Fractures involving the upper portion of the femur, what we commonly refer to as hip fractures, are one of the most common and serious orthopedic injuries that occur in the elderly population. These injuries, of course, are usually the direct result of a fall onto a hip that has relatively low bone mineral density (osteoporosis). In 2014, the incidence of falls among people older than 65 years was 672 per 1000 population in the U.S., and the incidence increases with age. Among people older than 85 years, the fastest growing segment of the US population, fall incidence was 820 per 1000 population in 2014. Falls are the leading cause of both fatal and nonfatal Injuries in people 65 and older. A fall is often a life-changing event.
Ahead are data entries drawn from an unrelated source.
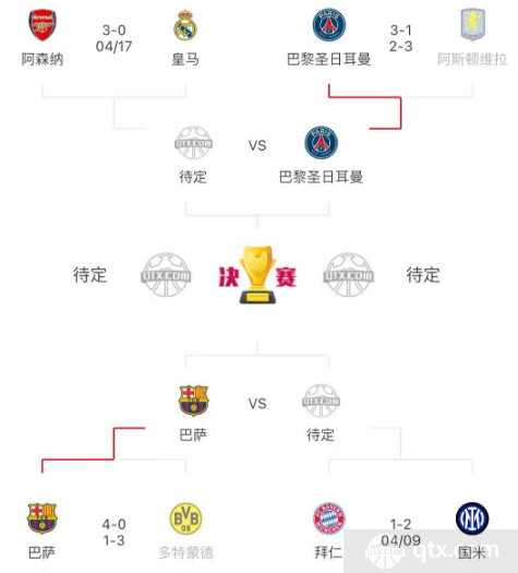 歐冠半決賽名單 巴薩與大巴黎率先晉級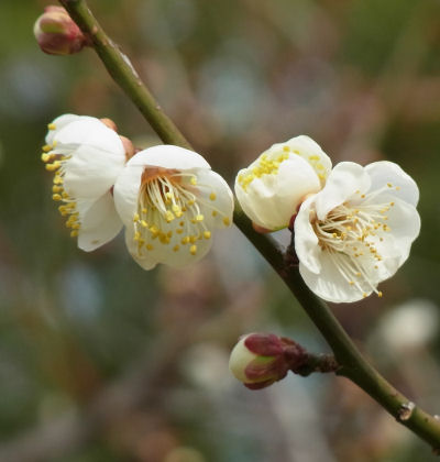 自然文化園の梅林では梅の開花が進んでいた.19日から3月半ばまで梅まつりが開催される.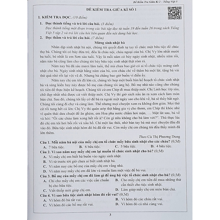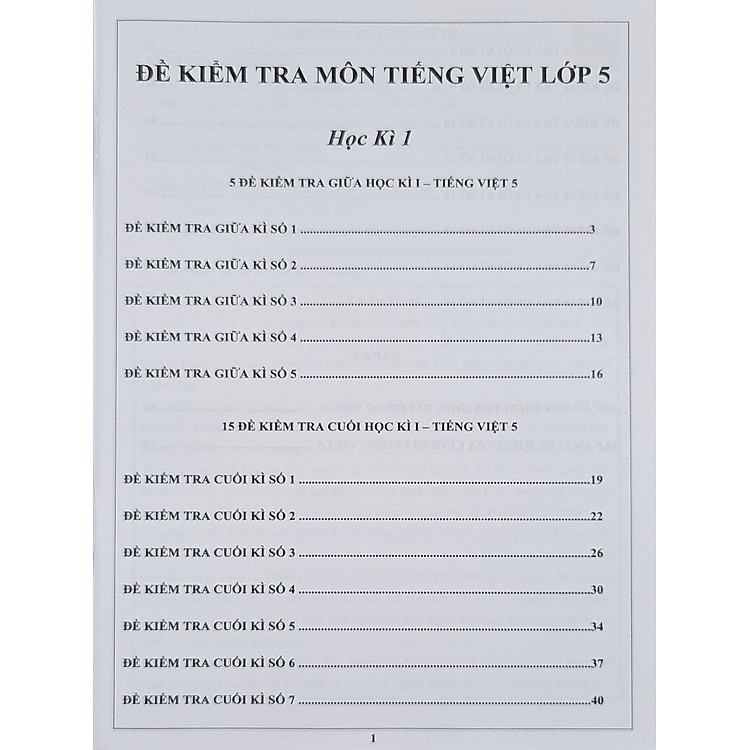 GIỚI THIỆU SÁCHĐề kiểm tra Tiếng Việt lớp 5 ( học kì 1) Dạng bài tập bám sát cấu trúc để thi giúp học sinh ôn tập và rèn luyện để tự tin khi bước vào kì thi. Dòng kẻ ô ly giúp học sinh viết và làm bài thuận tiện. Hỗ trợ phụ huynh tham gia nhóm để giải đáp thắc mắc về bài tậpGiá sản phẩm trên Tiki đã bao gồm thuế theo luật hiện hành. Bên cạnh đó, tuỳ vào loại sản phẩm, hình thức và địa chỉ giao hàng mà có thể phát sinh thêm chi phí khác như phí vận chuyển, phụ phí hàng cồng kềnh, thuế nhập khẩu (đối với đơn hàng giao từ nước ngoài có giá trị trên 1 triệu đồng)…..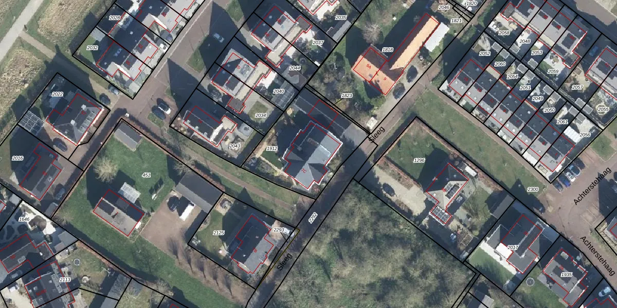 Het perceel waarop Sleeg 7-C staat heeft een oppervlakte van 789 m². Dit is een groot perceel. De perceeloppervlakte wordt geregistreerd door het Kadaster. Gedetailleerde informatie over de maten van dit perceel kunt u vinden in het rapport Kadastrale kaart met maatvoering van Sleeg 7-C.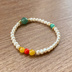 グリーンアベンチュリン & パール ヴィンテージ カラービーズ ブレスレット

Osteoporosis (low bone mineral density) causes more than 8.9 million fractures annually worldwide, resulting in a fracture every 3 seconds. Osteoporosis affects 1/10 of women aged 60, 1/5 of women aged 70, 2/5 of women aged 80 and 2/3 of women aged 90. Overall, 61 % of osteoporotic fractures occur in women but 20-25% of hip fractures do occur in men.

Osteoporosis can cause fractures of the forearm, humerus, spine and hip, but hip fractures are generally considered the most worrisome of all. Hip fractures are invariably associated with chronic pain, decreased mobility, disability, and an increasing degree of dependence. After sustaining a hip fracture, 10-20% of previous community dwelling patients require long term nursing care. Up to 40% of patients are unable to walk independently after injury and less than half of those that survive regain their previous level of function. Mortality rates remain frustratingly high; 14-36% of patients will die within 1 year after injury.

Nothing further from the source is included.